本稿では、高度に発展した超伝導量子回路の量子情報技術への応用として、局所ESR測定装置、超小型温度計、およびボソニック量子ビットを紹介しました。
局所ESR測定装置においては、長寿命磁束量子ビット(9)や量子電磁力学を応用した読み出し回路を用いて、さらなる感度向上を進め、単一電子スピン検出感度をめざします。測定対象に関しても、固体電子スピン試料に限らず、ニューロンや株化細胞などの生体電子スピン試料の測定を進める予定です。

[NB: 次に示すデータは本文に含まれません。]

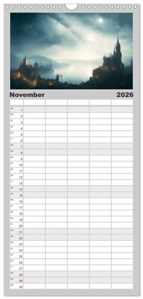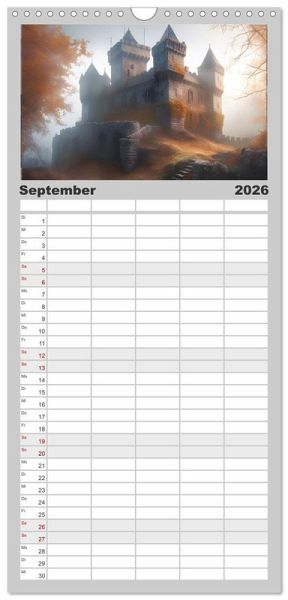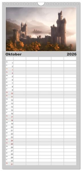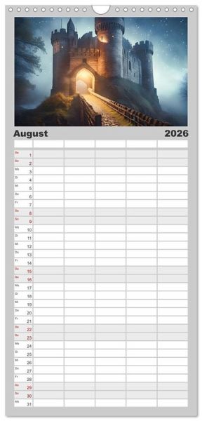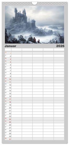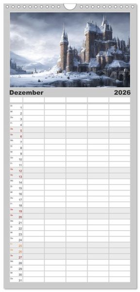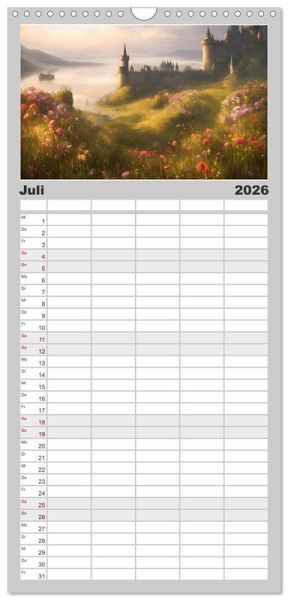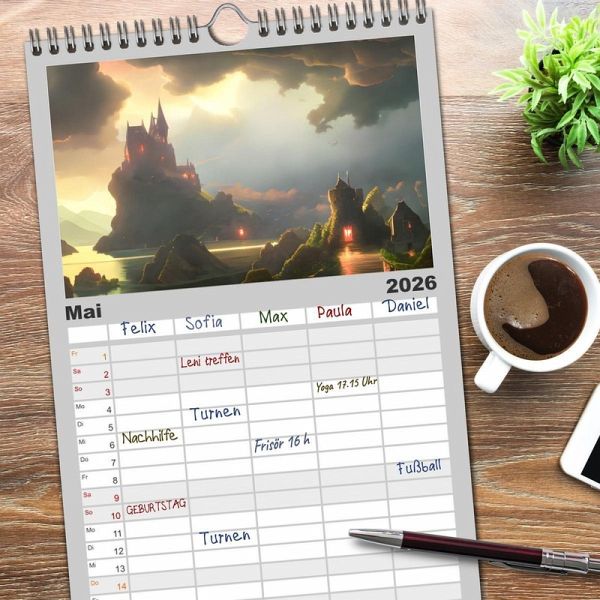PRAKTISCH - übersichtlicher Familienkalender mit 5 Spalten für bis zu 5 Personen für mehr Struktur im Alltag - so bleiben alle Termine im Blick!ÜBERSICHTLICH - mit farblich getrennten Wochen- und Feiertagen. Die einzelnen Felder bieten genügend Platz für Eintragungen. So macht Organisieren Spaß!FANTASTISCHE BILDER - Dieser Planer ist nicht nur eine nützliche Hilfe im Alltag, sondern schmückt gleichzeitig Ihr Zuhause. Ideal auch als Geschenk.FÜR ALLE STIFTE GEEIGNET - ganz egal, ob Sie lieber mit Kugelschreiber oder Bleistift schreiben.NACHHALTIG - deutliche Abfallreduzierung durch bedarfsgerechte Einzelstückfertigung, umweltfreundliches FSC-zertifiziertes Papier, Produktion in Deutschland, klimabewusste Logistik.Mittelalterliche Burgen in einer fesselnden KI-Phantasiewelt von Autor(in): Doris Krüger
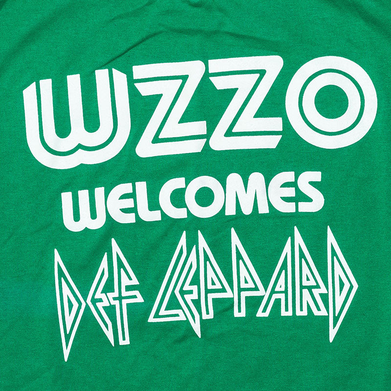 Joe's personal green WZZO Welcomes Def Leppard jersey. The inside tag is marked with a "J". Def Leppard played a charity soccer match against radio station WZZO's "Killer Z" team at the J. Birney Crum stadium in Allentown, Pennsylvania, 1983. The band won 3-2, with all three goals by Joe. From the Collection of Joe Elliott.
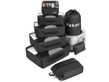 Looking for a way to stay more organized while you travel? Look to the cube. This 8-piece set, an Amazon’s Choice, features compressible cubes of various sizes. But wait, there’s more! It also comes with a shoe bag, a cosmetics case, an accessory bag, an underwear bag and a drawstring bag that you can use for dirty clothes.
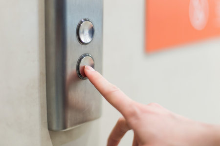Pressing the elevator button in contemporary high rise buildings signifies modern urban convenience
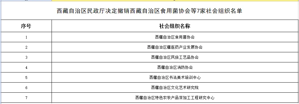 原标题:《西藏7家社会组织被撤销登记!》

ボソニック量子ビット研究の当面の目標は、ボソニック量子誤り訂正コードの一種である、binomial(1,1)コード*10を超伝導キャビティ中に実装することです。その後、エラー訂正を行い、キャビティの寿命よりも長寿命なボソニック量子ビットの実現、すなわちbreak-even pointの達成をめざします。
超伝導量子回路の適用範囲の広さと、その奥深さを感じていただけると幸いです。これからも基礎から応用まで守備範囲を広く取り研究を進めていきます。